I don't understand why C1 does not generate at least two preview versions, one of them optimised for the standard "Fit" magnification (this could take your browser placement into account for vertically oriented images). Yes, this would require a lot more hard disk space, but people should be able to opt out of that, if they can live with mushy previews.

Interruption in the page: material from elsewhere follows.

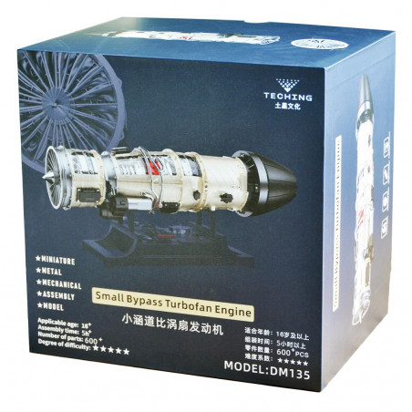 Questo modellino di motore da assemblare è una riproduzione visiva sorprendente ed estremamente fedele all'originale, comprendente tutti gli elementi caratteristici di un vero turbogetto a doppio flusso: ventilatore, core del motore, turbina a bassa pressione, postcombustore, ugello di scarico e scatola degli accessori. Il suo design aperto con tagli visibili consente di osservare l'intero meccanismo in azione.

With an adequate downscaling approach, even just maintaining one pre-rendered preview should be sufficient, but as long as that is not implemented, there should be a workaround for affected users, even if it costs some hard disk space.
Title: Re: Why are the previews of Capture One Pro of such low quality?
Post by: dchew on February 24, 2018, 05:22:57 am
At 50% magnification (or higher) there is no issue with the preview quality.

The mushiness may still be present at 33%, I'd have to check again. It is definitely a problem at the lowest "Fit" level and a couple of steps above it.

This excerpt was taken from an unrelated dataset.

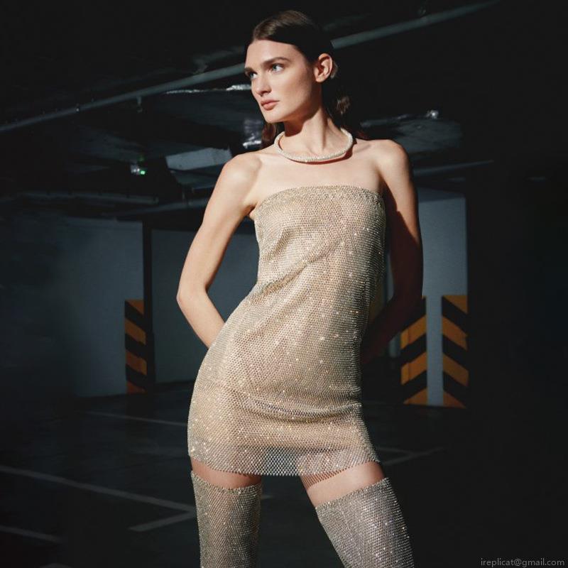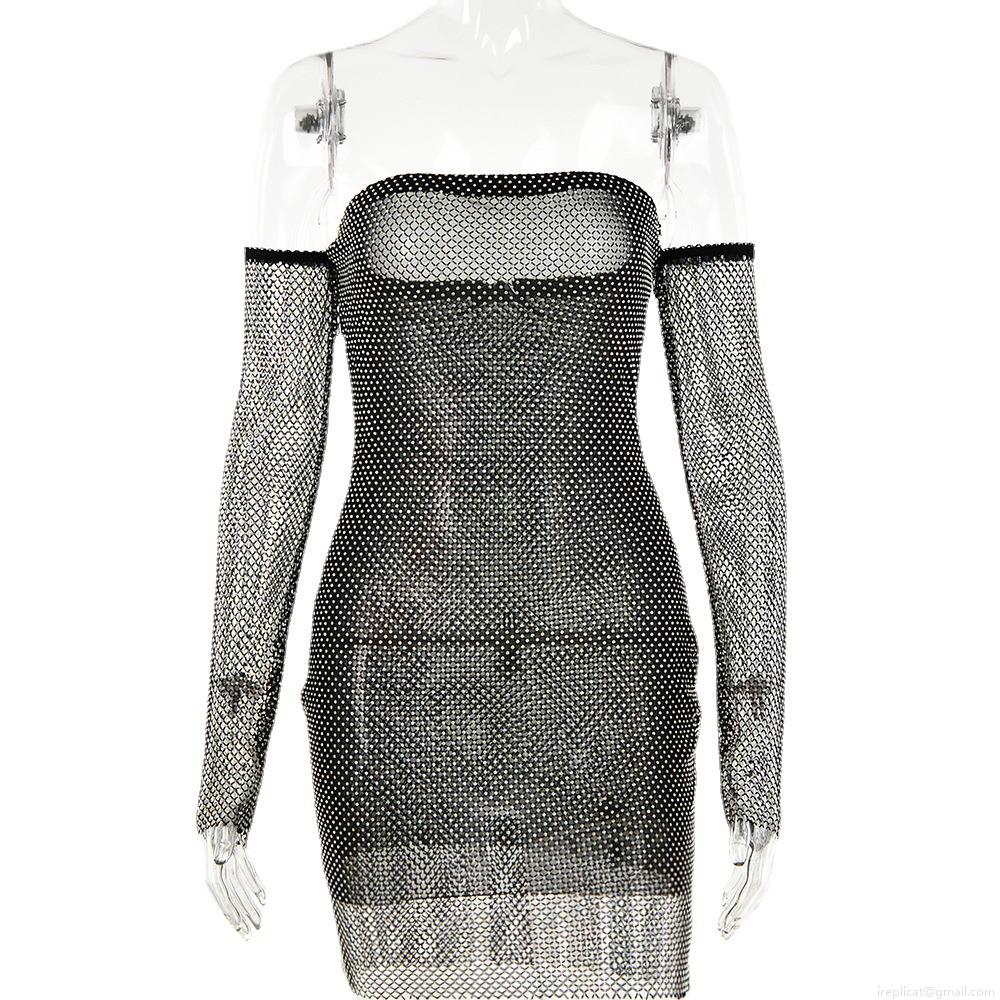 • Sexy Rhinestone Mesh See Through Mini Dress With Sleeves Long Sleeve Bodycon One Shoulder Party Nightclub Clubwear For Women Sparkly Glitter Outfit

The original image size may play a role; there is definitely a significant issue for my 36MP images and I first noticed it with images in vertical orientation (which require more downscaling than horizontally oriented images).

Did you see my post above at 25%? Nothing wrong there and that is a lot of downsampling for a 100MP image. Whatever you guys are reporting I don’t think it has anything to do with downsampling, at least at even pixel ratios. It might have something to do with different cameras or just different computer systems. I will run some tests with the a7rii.

Dave
Title: Re: Why are the previews of Capture One Pro of such low quality?
Post by: David Good on February 24, 2018, 08:29:09 am
Sony A7II and C1-10 (Windows 7) and no preview problems such as those reported here. Camera specific?
Title: Re: Why are the previews of Capture One Pro of such low quality?
Post by: denalilap on March 06, 2018, 02:45:32 am
It's an interesting observation to get to the bottom of, but it may be an inaccurate observation!

On-the-fly downsampling (as in screen previews smaller than at 100% zoom) can be done in several ways. Broadly speaking, all downsampling risks producing aliasing artifacts that may be mistaken for resolution (while they are actually artifacts).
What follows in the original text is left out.